Please output the records below in full, exactly as given, but without the images.

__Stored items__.
►

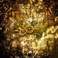 De klok geeft het aan, het is echt tijd voor de zomer. Iedereen is er aan toe. De vogels, de vlinders, de torren, alle levende wezens zijn toe aan de zomer. De mensen natuurlijk sowieso. Deze klok bestaat uit victoriaanse engeltjes en andere decoraties op de rand van deze warme goudkleurige klok. De wijzers staan op kwart voor negen. Vanuit het midden van de klok komen voorjaarsbloesems rijkelijk naar voren. Ze gaan vanuit het midden over de rand van de klok naar buiten, of natuurlijk naar binnen, het is maar hoe je het bekijkt. De zon is niet in beeld maar het felle zonnige licht van de zon is wel heel duidelijk aanwezig. Tijd voor de zomer letterlijk en figuurlijk. Wanneer het voor u ook altijd tijd is voor de zomer, dan is dit werk is voor u. De kleuren van dit victoriaanse, impressionistische surrealistische werk zijn, in stijl van die tijd namelijk goudkleurig, goud, zacht groen, zwart en crème.
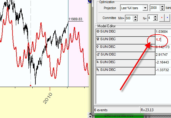 Here we used last 2000 bars to adjust the projection line, in other words the program is looking for the optimal weights for heliocentric declination using last 8 years of the price history (=2000 bars).
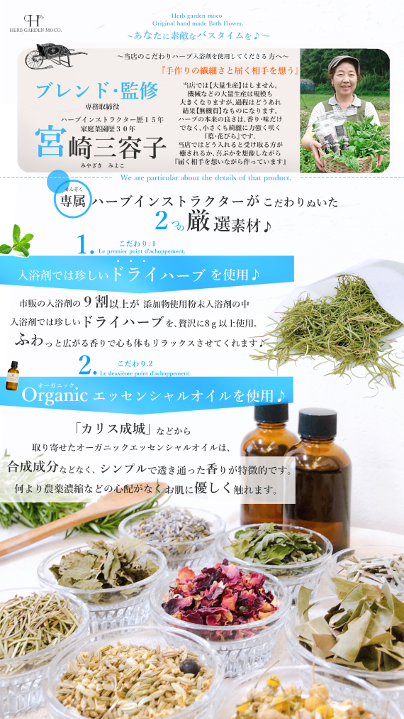 ハーブは、私たちの心にゆとりを、からだに元気を、そして暮らしにうるおいを与えてくれます。■魅力いっぱいのハーブティーは、香りの効果と飲むことで、心とからだにやさしく働きかけます。手軽に、美味しいハーブティーを楽しんで下さいね。■また、お風呂も楽しみのひとつですね。自然の香りのハーブ入浴剤で、優雅なひとときを!新鮮なハーブを煮込んで作った手作り石けんで、やさしくからだを洗って下さいね。■ハーブガーデンmocoは、これからもみなさまに愛される商品を作り続けていきます。
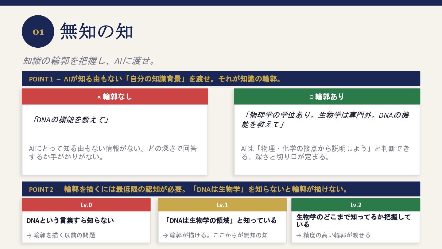 するか手がかりがない。 ◦ 輪郭あり 「物理学の学位あり。生物学は専門外。DNAの機 能を教えて」 AIは「物理・化学の接点から説明しよう」と判断でき る。深さと切り口が定まる。 POINT 2 ─ 輪郭を描くには最低限の認知が必要。「DNAは生物学」を知らないと輪郭が描けない。 Lv.0 DNAという言葉すら知らない → 輪郭を描く以前の問題 Lv.1 「DNAは生物学の領域」と知っている → 輪郭が描ける。ここからが無知の知 Lv.2 生物学のどこまで知ってるか把握して いる → 精度の高い輪郭が渡せる 知識の輪郭を把握し、AIに渡せ。
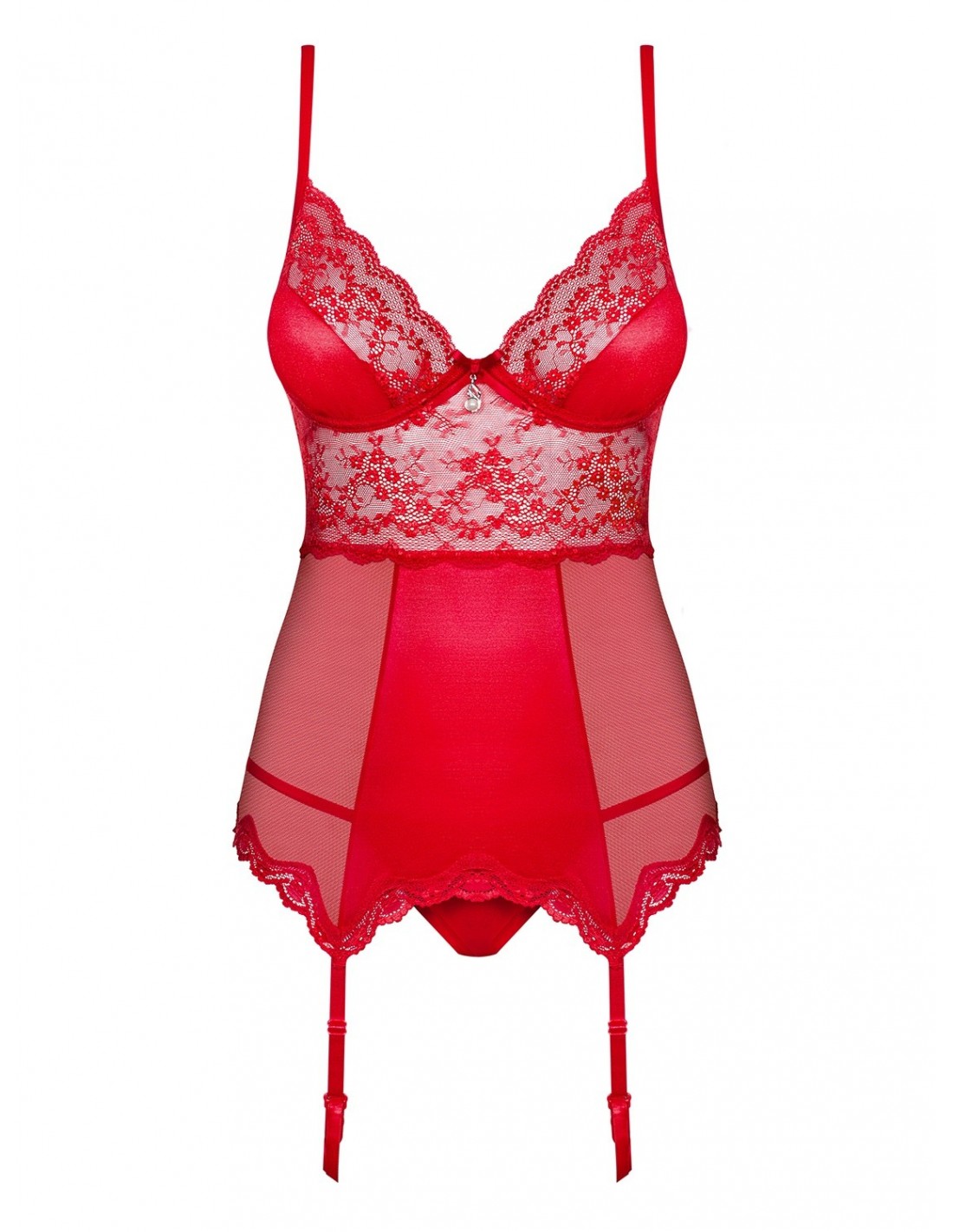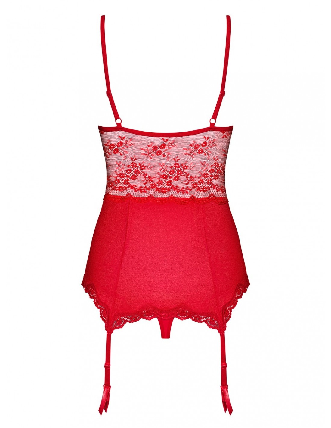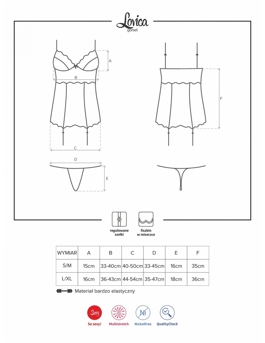 Gorset Lovica jest połączony z regulowanymi paskami do pończoch, co pozwala na stworzenie kompletnego, uwodzicielskiego looku. W komplecie znajdują się również pasujące do całości stringi, które doskonale komponują się z gorsetem, tworząc spójną i zmysłową całość.

◄

__Written solution__.
 De klok geeft het aan, het is echt tijd voor de zomer. Iedereen is er aan toe. De vogels, de vlinders, de torren, alle levende wezens zijn toe aan de zomer. De mensen natuurlijk sowieso. Deze klok bestaat uit victoriaanse engeltjes en andere decoraties op de rand van deze warme goudkleurige klok. De wijzers staan op kwart voor negen. Vanuit het midden van de klok komen voorjaarsbloesems rijkelijk naar voren. Ze gaan vanuit het midden over de rand van de klok naar buiten, of natuurlijk naar binnen, het is maar hoe je het bekijkt. De zon is niet in beeld maar het felle zonnige licht van de zon is wel heel duidelijk aanwezig. Tijd voor de zomer letterlijk en figuurlijk. Wanneer het voor u ook altijd tijd is voor de zomer, dan is dit werk is voor u. De kleuren van dit victoriaanse, impressionistische surrealistische werk zijn, in stijl van die tijd namelijk goudkleurig, goud, zacht groen, zwart en crème.
 Here we used last 2000 bars to adjust the projection line, in other words the program is looking for the optimal weights for heliocentric declination using last 8 years of the price history (=2000 bars).
 ハーブは、私たちの心にゆとりを、からだに元気を、そして暮らしにうるおいを与えてくれます。■魅力いっぱいのハーブティーは、香りの効果と飲むことで、心とからだにやさしく働きかけます。手軽に、美味しいハーブティーを楽しんで下さいね。■また、お風呂も楽しみのひとつですね。自然の香りのハーブ入浴剤で、優雅なひとときを!新鮮なハーブを煮込んで作った手作り石けんで、やさしくからだを洗って下さいね。■ハーブガーデンmocoは、これからもみなさまに愛される商品を作り続けていきます。
 するか手がかりがない。 ◦ 輪郭あり 「物理学の学位あり。生物学は専門外。DNAの機 能を教えて」 AIは「物理・化学の接点から説明しよう」と判断でき る。深さと切り口が定まる。 POINT 2 ─ 輪郭を描くには最低限の認知が必要。「DNAは生物学」を知らないと輪郭が描けない。 Lv.0 DNAという言葉すら知らない → 輪郭を描く以前の問題 Lv.1 「DNAは生物学の領域」と知っている → 輪郭が描ける。ここからが無知の知 Lv.2 生物学のどこまで知ってるか把握して いる → 精度の高い輪郭が渡せる 知識の輪郭を把握し、AIに渡せ。
 Gorset Lovica jest połączony z regulowanymi paskami do pończoch, co pozwala na stworzenie kompletnego, uwodzicielskiego looku. W komplecie znajdują się również pasujące do całości stringi, które doskonale komponują się z gorsetem, tworząc spójną i zmysłową całość.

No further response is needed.